Why can’t we just get along? Why do we kill each other over religions, or territories, or just for the hell of it? Terrorists believe they have some better cosmos to install, meaning that all infidels deserve death. That’s basically a very inferior orientation toward self-worth. Only people with no confidence, with no self-esteem, resort to violence when their beliefs or God are questioned.

I’ve always seen it as a sign of respect for the Mormons that they didn’t react in any way to the one-joke, sophomoric play The Book of Mormon. If the writers had any courage, it would have been The Book of Islam, but I’m sure they feared for their lives if they had produced that.

I think the reason that we all just don’t get along is one of inferiority complexes. Too many people seek to keep others on the ladder rungs below them out of fear that they may otherwise be seen as being at the bottom of the ladder. There is an ego component involved, an attempt to prove that we’re just as good as anyone else, though these kinds of biased actions prove just the opposite.

If we wanted to, we all could just get along. But that would require subordinating our egos, accepting others as equals, and cease trying to control and have power over others. In other words, it would require both tolerance and forgiveness. Of course, those are the tenets of most major religions, but religion is out of favor these days because of those who feel it’s a threat and don’t want to be subjected to it.

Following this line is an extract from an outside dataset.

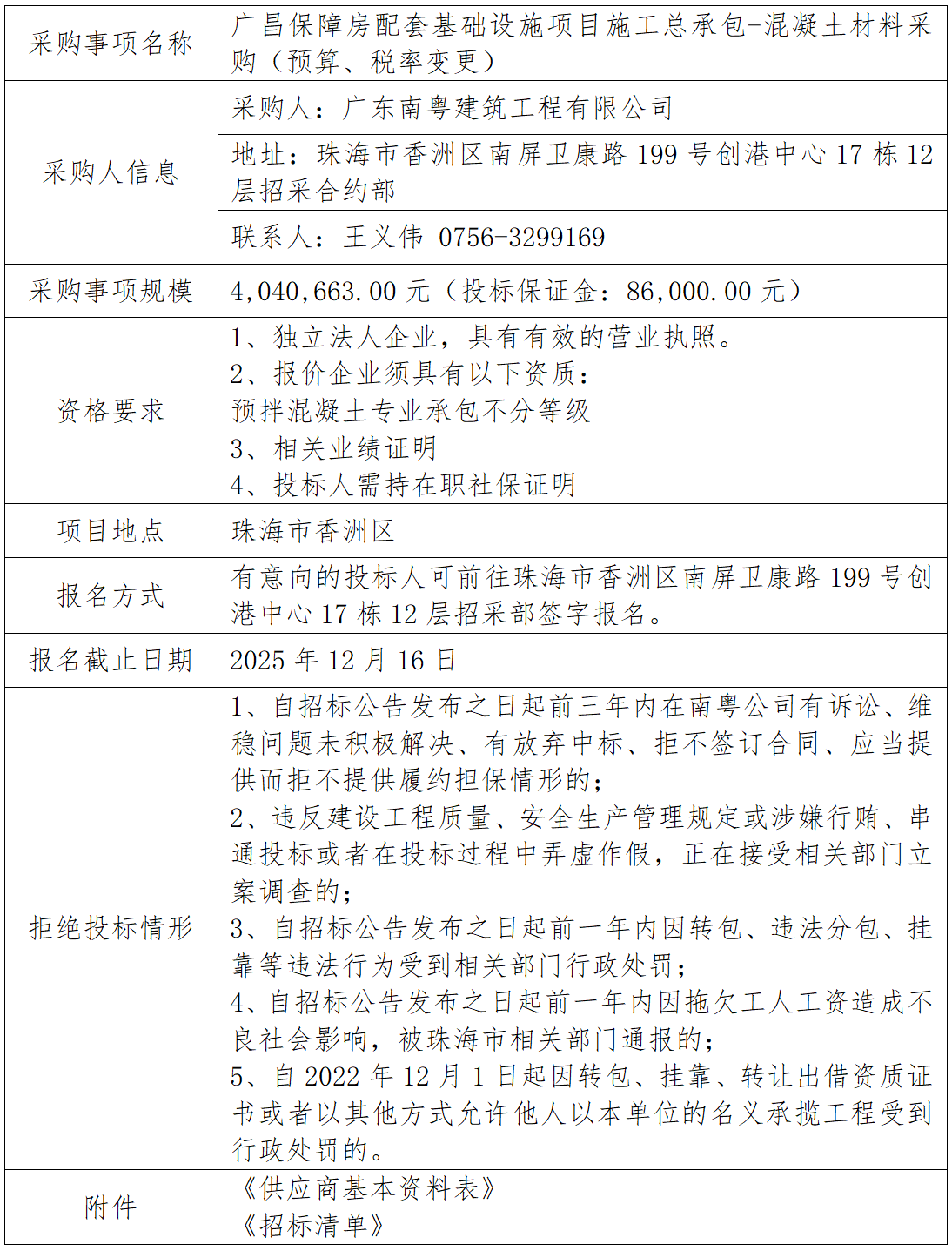 廣昌保障房配套基礎(chǔ)設(shè)施項(xiàng)目施工總承包-混凝土材料采購(預(yù)算、稅率變更) 專欄:工程招標(biāo) 發(fā)布日期: 2025-12-11 作者:招采管理中心 附件:供應(yīng)商基本資料表 附件:廣昌保障房配套基礎(chǔ)設(shè)施項(xiàng)目施工總承包-混凝土材料采購招標(biāo)清單 返回列表 上一篇:仁恒星園-翠前路交翠峰路遷移交通信號(hào)燈項(xiàng)目 下一篇:廣昌保障房配套基礎(chǔ)設(shè)施項(xiàng)目施工總承包-地材材料采購招標(biāo)(延期掛網(wǎng))

Maybe therein is the problem.

Merry Christmas.

Only Read This if You Know Me Well

A client made a reservation for me in the Royalton Hotel in New York City. It’s an “in” place, very Ian Shrager, and it’s largely black. The walls were black and the employees wore black and they seemed to emerge out of the walls suddenly, like the Mole People in the old Flash Gordon series.

My room was dark and the lighting was poor. Finally, I called the front desk and asked how to put the fireplace on. 


“We’ll have to send someone,” said the obviously annoyed clerk, “but why do you want heat in August?”

“I don’t need heat, I need more light.”